> ACTIVITY: The answer must be an exact copy of the entries that follow, with all images removed.

┄┄┄┄┄┄┄┄┄┄

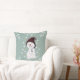 Ce très mignon coussin de Noël a un petit bonhomme de neige timide qui profite de la neige.
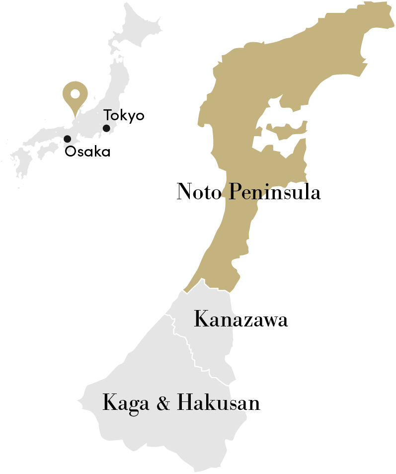 The remote Noto Peninsula in northern Ishikawa extends about 100 kilometers into the Sea of Japan. Its secluded location and rustic charm make an ideal escape from Kanazawa and Japan's other major cities. The area is home to beautiful coastal scenery, quaint fishing villages, thriving agricultural traditions, and centuries-old craft cultures. The main centers, Wakura Onsen and Wajima, each have a relaxed atmosphere and make ideal bases for exploring the area.
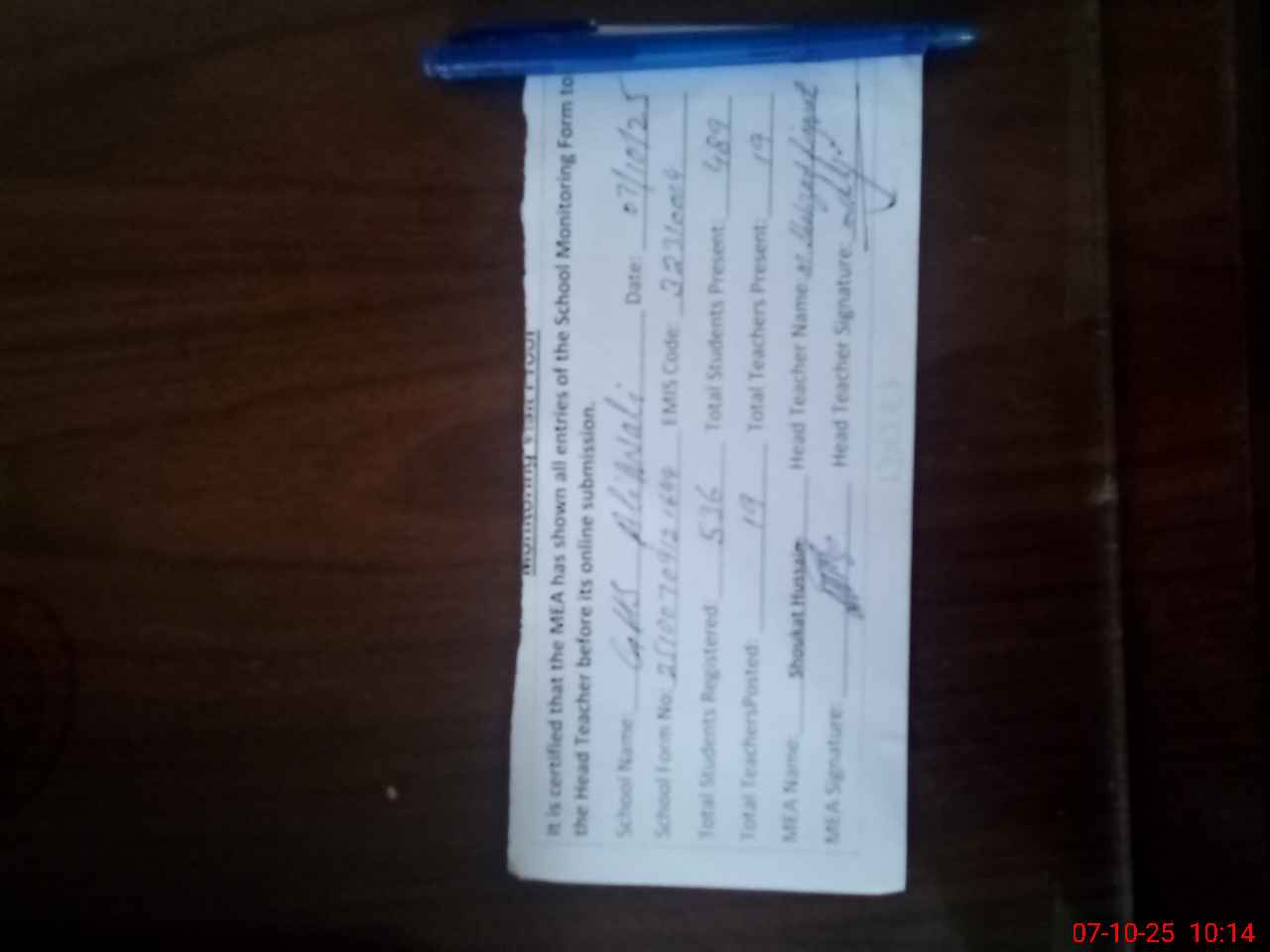 | Name: MU**** SH**** LI**** Designation: (School Headmaster's/Headmistress's) HM Phone/Cell Number: 03**** |
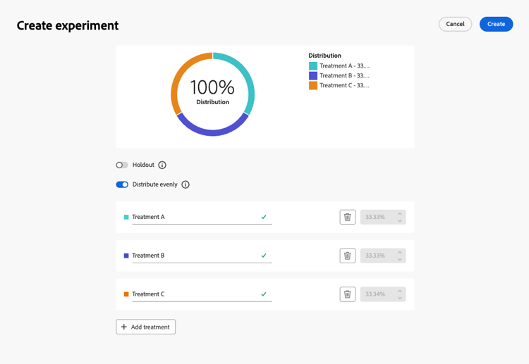 Você pode alocar uma porcentagem precisa para cada Tratamento ou simplesmente alternar na barra de alternância Distribuir uniformemente.
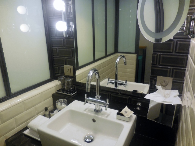 La salle de bain de star (avec les carrelages en faïence du métro parisien), propose des produits d’accueil de qualité…
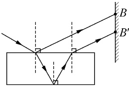 (1)粗糙 $90^{\circ}$ 反射光线与入射光线、法线在同一平面内 (2)远离 相等 (3)靶心B的像 (4)下移 解析:(1)探究光的反射定律的实验中,应该选择表面粗糙的白纸板显示光的传播路径,使光线在纸板上发生漫反射,便于观察。当白板与镜面垂直,即白板与镜面成$90^{\circ}$角时,法线也在白板上,此时才能同时呈现入射光和反射光,说明反射光线与入射光线、法线在同一平面内。(2)由表格数据可知,入射角在逐渐增大,因此入射光线PO在逐渐远离法线ON,且反射角与入射角大小相等。(3)靶心B反射的光经平面镜反射后,反射光线经过A点,则反射光线的反向延长线会经过靶心B的像。由光路可逆可知,激光笔对着靶心B的像照射时,其反射光线将击中靶心B。(4)当将平面镜改为下表面反射镜时,光从空气中进入平面镜的上表面时会发生折射,折射角小于入射角;折射光线到达平面镜的下表面时发生反射,反射角等于入射角;反射光线又从平面镜中进入空气发生折射,折射角大于入射角,折射光线沿直线传播,导致亮斑下移,如图所示。

┄┄┄┄┄┄┄┄┄┄

> TASK RESULT:
 Ce très mignon coussin de Noël a un petit bonhomme de neige timide qui profite de la neige.
 The remote Noto Peninsula in northern Ishikawa extends about 100 kilometers into the Sea of Japan. Its secluded location and rustic charm make an ideal escape from Kanazawa and Japan's other major cities. The area is home to beautiful coastal scenery, quaint fishing villages, thriving agricultural traditions, and centuries-old craft cultures. The main centers, Wakura Onsen and Wajima, each have a relaxed atmosphere and make ideal bases for exploring the area.
 | Name: MU**** SH**** LI**** Designation: (School Headmaster's/Headmistress's) HM Phone/Cell Number: 03**** |
 Você pode alocar uma porcentagem precisa para cada Tratamento ou simplesmente alternar na barra de alternância Distribuir uniformemente.
 La salle de bain de star (avec les carrelages en faïence du métro parisien), propose des produits d’accueil de qualité…
 (1)粗糙 $90^{\circ}$ 反射光线与入射光线、法线在同一平面内 (2)远离 相等 (3)靶心B的像 (4)下移 解析:(1)探究光的反射定律的实验中,应该选择表面粗糙的白纸板显示光的传播路径,使光线在纸板上发生漫反射,便于观察。当白板与镜面垂直,即白板与镜面成$90^{\circ}$角时,法线也在白板上,此时才能同时呈现入射光和反射光,说明反射光线与入射光线、法线在同一平面内。(2)由表格数据可知,入射角在逐渐增大,因此入射光线PO在逐渐远离法线ON,且反射角与入射角大小相等。(3)靶心B反射的光经平面镜反射后,反射光线经过A点,则反射光线的反向延长线会经过靶心B的像。由光路可逆可知,激光笔对着靶心B的像照射时,其反射光线将击中靶心B。(4)当将平面镜改为下表面反射镜时,光从空气中进入平面镜的上表面时会发生折射,折射角小于入射角;折射光线到达平面镜的下表面时发生反射,反射角等于入射角;反射光线又从平面镜中进入空气发生折射,折射角大于入射角,折射光线沿直线传播,导致亮斑下移,如图所示。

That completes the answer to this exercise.